We're using a left-invariant metric ##\mathcal{M}_{ab}##.

Now I've got the expression

$$R = -\frac{1}{4}f_{abc}f^{abc} -\frac{1}{2}f_{cab}f^{abc} = -\frac{1}{4}\mathcal{M}_{ad}\mathcal{M}^{be}\mathcal{M}^{cf} f^a_{\,\,\,\, bc}f^d_{\,\,\,\, ef} - \frac{1}{2}\mathcal{M}^{cd}f^a_{\,\,\,\, bc} f^b_{\,\,\,\, ad}$$

The second expression (with explicit metrics) is the one I'll be using later on because I can normalise structure constants of that kind.

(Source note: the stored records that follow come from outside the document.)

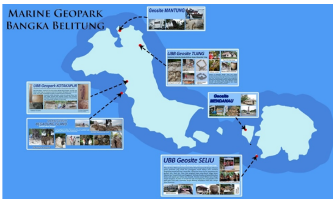
Figure 2: Map of Bangka Belitung Marine Geopark Development Plan.

Map of the overall Bangka Belitung Marine Geopark development plan as in Figure 2. The main concept of the study was development of marine geopark based on the integration of each geosite development plan that should have its different and characters of its natural granite rock types, endemic flora (many types of herbal flora), coastal and marine fauna, ancient tribe, maritime anthropology or socio-cultural heritages (such as old-spell or the 'Mantra', songs, Dam-bus music instruments, the 'Kedidi' dances), old wooden houses.
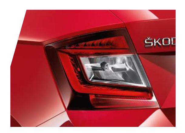
LED REAR LIGHTS

A celebration of ŠKODA's success at the legendary Monte Carlo Rally, this premium level combines luxury and glamour with pulse-racing sports styling.
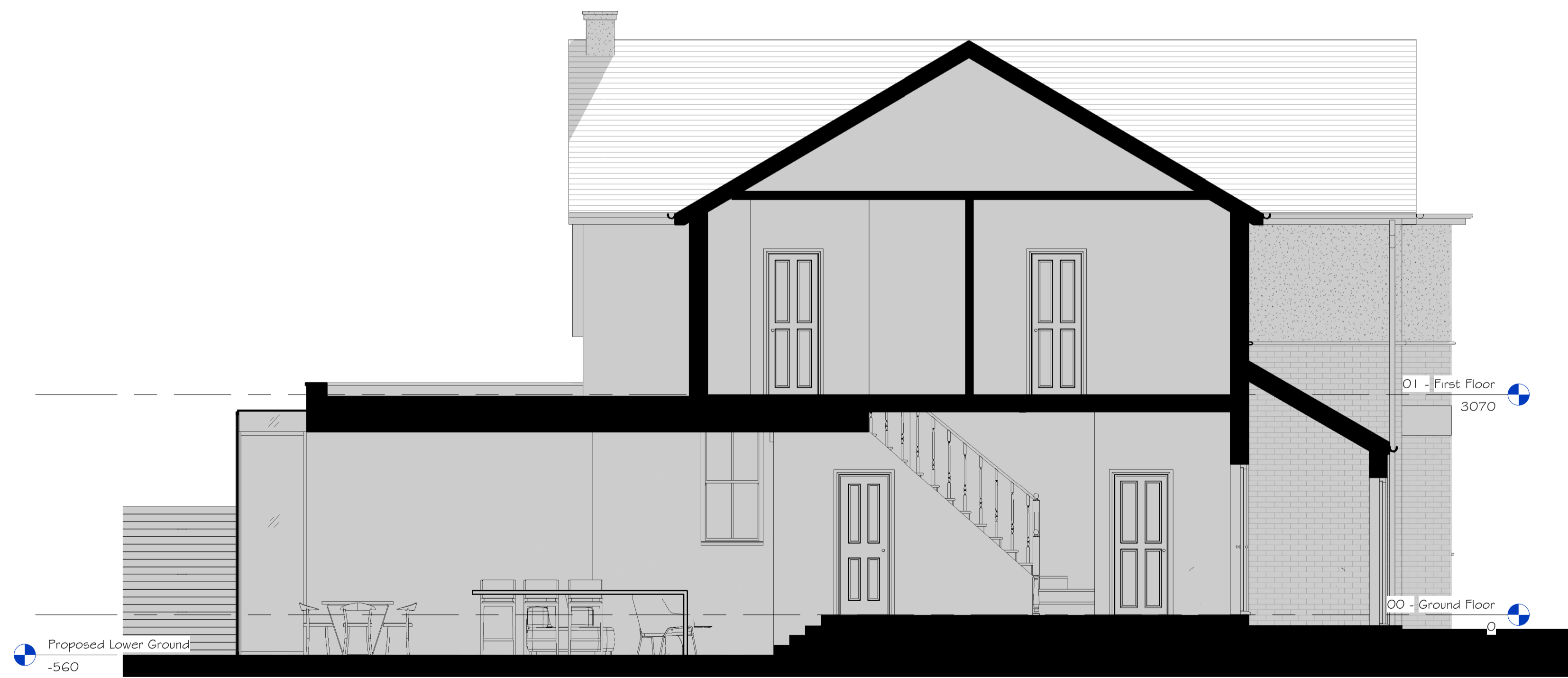
2 Proposed Section 1 : 50
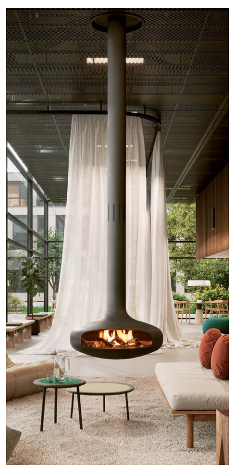
DOMOFOCUS BIOETHANOL @DOMINIQUE IMBERT

While these fireplaces still stand out by levitating above the ground, the fire is now fuelled by bioethanol.

That is however not important, going from the first part to the second is comparatively easy.

I'm wondering if there's an easy way to find the Ricci scalar (or tensor for that matter) that doesn't require looking at the sectional curvature. This last part is important because it would take me too far from the topic.

Meanwhile all examples I found do use this notion.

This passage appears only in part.